Page 1: Engaging Online Communities

Engaging Online Communities

WRITTEN BY FREDERIC LARDINOIS

SPONSORED BY

Page 2: Engaging Online Communities

Your customers are already talking about you online - whether you are aware of it or not. Somebody on Twitter could be talking about your product with a friend right now. How are you connecting with this person and with their friends?

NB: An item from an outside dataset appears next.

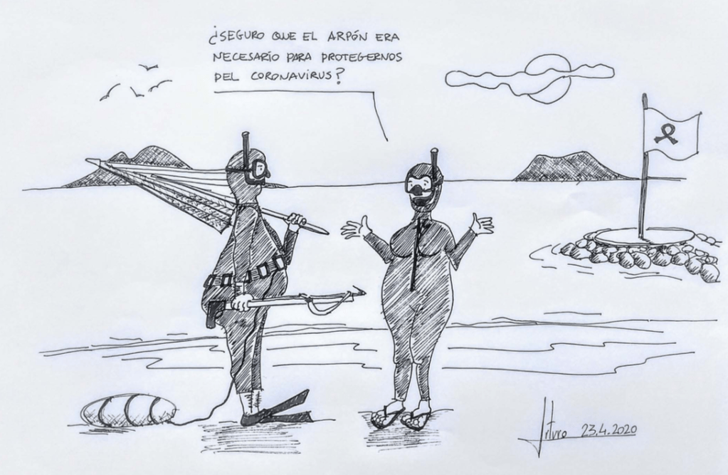 Julio de dos mil veinte, ¡por fin salimos de casa! Qué negativa es la gente que no cree que todo pasa Me convenció mi parienta pa' bajarnos a la playa ¡Vaya tarde más cruenta, vaya experiencia canalla! Lo que antes era un goce, se convirtió en un suplicio, y sabe quién me conoce que yo no me quejo de vicio: Las toallas a tres metros, ir a bañarse por turnos, y cómo me tomo un espeto con este traje de buzo Si hubiera entrenado duro y hubiera comido menos, ahora estoy casi seguro que me entraría el neopreno Con las gafas de buceo, las aletas y este traje, sinceramente no creo que yo otra tarde me baje. Y echo de menos un poco los ratos de playa de antes, cuando andabas como un loco buscando dónde sentarte, ... ahora que ya ni te toco ni puedo tampoco abrazarte, y en la toalla me enroco si no puedo acompañarte.

On Facebook, somebody could be sharing a link to your site and on Foursquare, one of your best customers could be checking in. Each of these people have varying types of relationships in thousands of micro-communities that may be one, two, or tens of thousands of people. The people talking about you have considerable primary value. But the secondary relationships these people have can be just as valuable if not more so than the person who discovers you.

Those kinds of connections create a context for an enterprise to understand the relationships that people have in extended communities. They have a like-mindedness in how they use the Web; online interactions have become the ordinary way for them to communicate. Understanding the full scope of a community’s interactions is the largest requirement for any enterprise developing a deeper commitment to a social enterprise.

Consumers expect you to be present in social media channels and interact with them. Recent studies have shown that consumers want to interact with businesses. Close to 40% of consumers on Facebook have “liked” a brand there already and 25% of Twitter users are following a brand.1

No matter the size of your company, your customers — whether current or potential — genuinely appreciate it when you interact with them and treat them as human beings.2 But doing that effectively means going beyond direct interactions. More opportunities to connect will come when you can use the content you create to engage in conversations with people. That means planning how to both use and connect social technologies.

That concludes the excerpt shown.